Validator verifies the quality of samples generated by Transformation and AttackRecipe. Here we briefly describe how to use the built-in Validator.

Using the built-in Validator SentenceEncoding

[1]:
from textflint.generation_layer.validator.sentence_encoding import SentenceEncoding
from textflint.input_layer.dataset.dataset import Dataset
from textflint.input_layer.component.sample.sa_sample import SASample


# 1. Define an original sentence.
ori_sentence = 'There is a book on the desk .'
ori_sample = SASample({'x': ori_sentence, 'y': '1'})

# 2. Define some transformed sentence randomly.
trans_sentences = ['There is a book on the desk .',
                   'There is a book on the floor .',
                   'There is a cookie on the desk .',
                   'There is a desk on the book .',
                   'There desk a on the is a book .']

# 3. Feed the sample to Dataset
ori_dataset = Dataset('SA')
trans_dataset = Dataset('SA')
ori_dataset.append(ori_sample, sample_id=0)
for trans_sentence in trans_sentences:
    trans_dataset.append(
        SASample({'x': trans_sentence, 'y': '1'}), sample_id=0)

# 4. Run the SentenceEncoding Validator
score = SentenceEncoding(ori_dataset, trans_dataset, 'x').score
print(score)






[1.0, 0.9341484308242798, 0.8436124324798584, 0.9751133322715759, 0.8803119659423828]

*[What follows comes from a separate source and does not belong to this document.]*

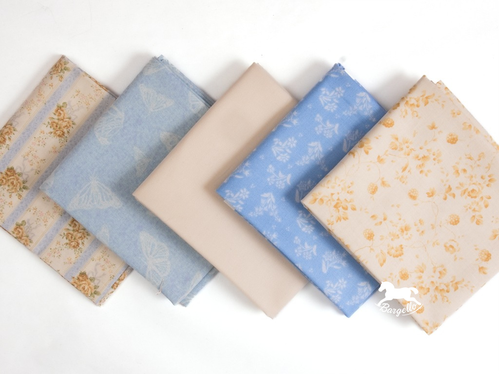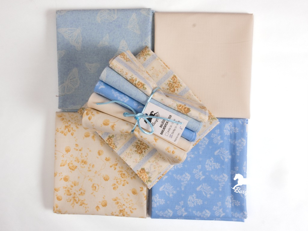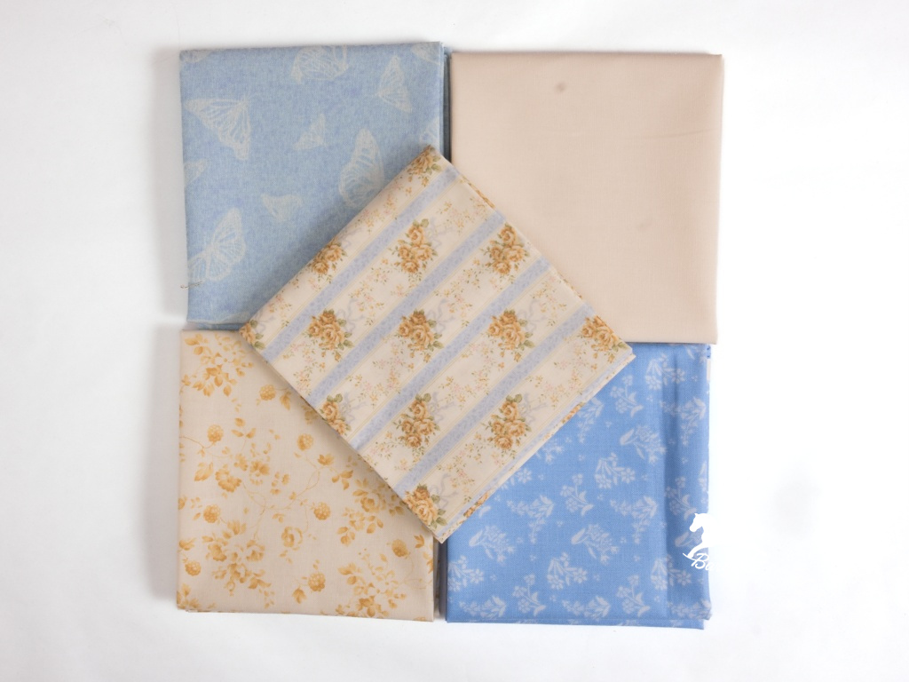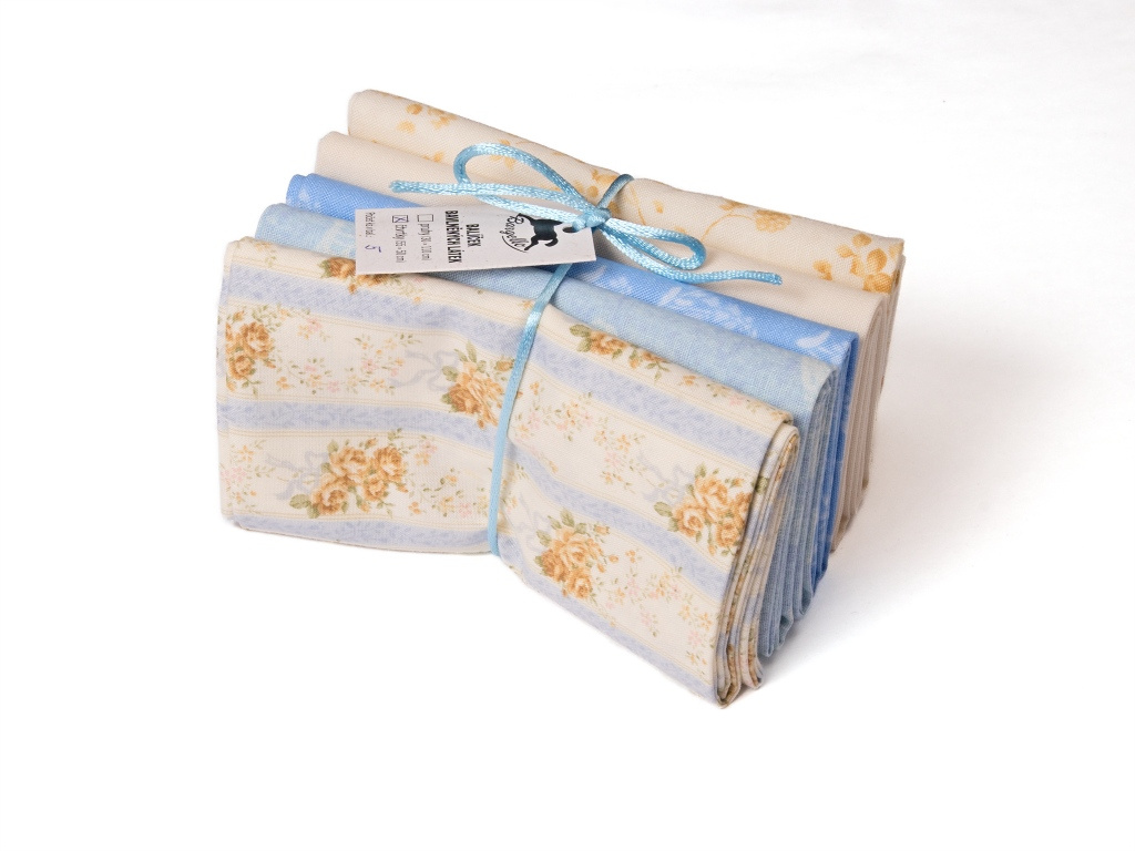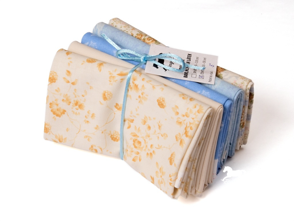 Barevná kombinace zahrnuje světle modrou Baby Blue, smetanově bílou a vanilkově žlutou. V balíčku najdete modrou látku s motýlky, modrou s jemnými kytičkami, jednobarevnou smetanovou, smetanovou s vanilkově žlutými květy a romantickou látku s pruhovaným vzorem, která celek krásně propojuje.

Using the SentenceEncoding to validate BreadWordSwap

Recall that we defined a Transformation BreadWordSwap in the transformation tutorial, and here we can use SentenceEncoding to simply test whether the tranformed data is semantically smooth.

[2]:
from textflint.generation_layer.transformation import WordSubstitute

class BreadWordSwap(WordSubstitute):
    r"""
    Word Swap by randomly swaping words with bread.

    """
    def _get_candidates(self, word, pos=None, n=1):
        r"""
        Returns a list containing apple.

        :param word: str, the word to replace
        :param pos: str, the pos of the word to replace
        :param n: the number of returned words
        :return: a candidates list
        """
        return ['bread']

Let’s first look at the semantic fluidity by replacing one word to bread:

[3]:
trans = BreadWordSwap(trans_min=1) # swap 1 word
trans_sample = trans.transform(ori_sample)
print(trans_sample[0].dump())

trans_dataset = Dataset('SA')
trans_dataset.append(trans_sample[0])
score = SentenceEncoding(ori_dataset, trans_dataset, 'x').score
print(score)
---------------------------------------------------------------------------
TypeError                                 Traceback (most recent call last)
<ipython-input-3-b30d3ff8660e> in <module>
----> 1 trans = BreadWordSwap(trans_min=1) # swap 1 word
      2 trans_sample = trans.transform(ori_sample)
      3 print(trans_sample[0].dump())
      4
      5 trans_dataset = Dataset('SA')

TypeError: Can't instantiate abstract class BreadWordSwap with abstract methods skip_aug

Then, we further take a look at the semantic fluidity by replacing three words:

[ ]:
trans = BreadWordSwap(trans_min=3) # swap 3 word
trans_sample = trans.transform(ori_sample)
print(trans_sample[0].dump())

trans_dataset = Dataset('SA')
trans_dataset.append(trans_sample[0])
score = SentenceEncoding(ori_dataset, trans_dataset, 'x').score
print(score)

Conclusion

In this tutorial, we show that semantic fluency becomes lower when the number of substitution words becomes more numerous, which explains the need of using Validator to filter lower score samples.

[ ]: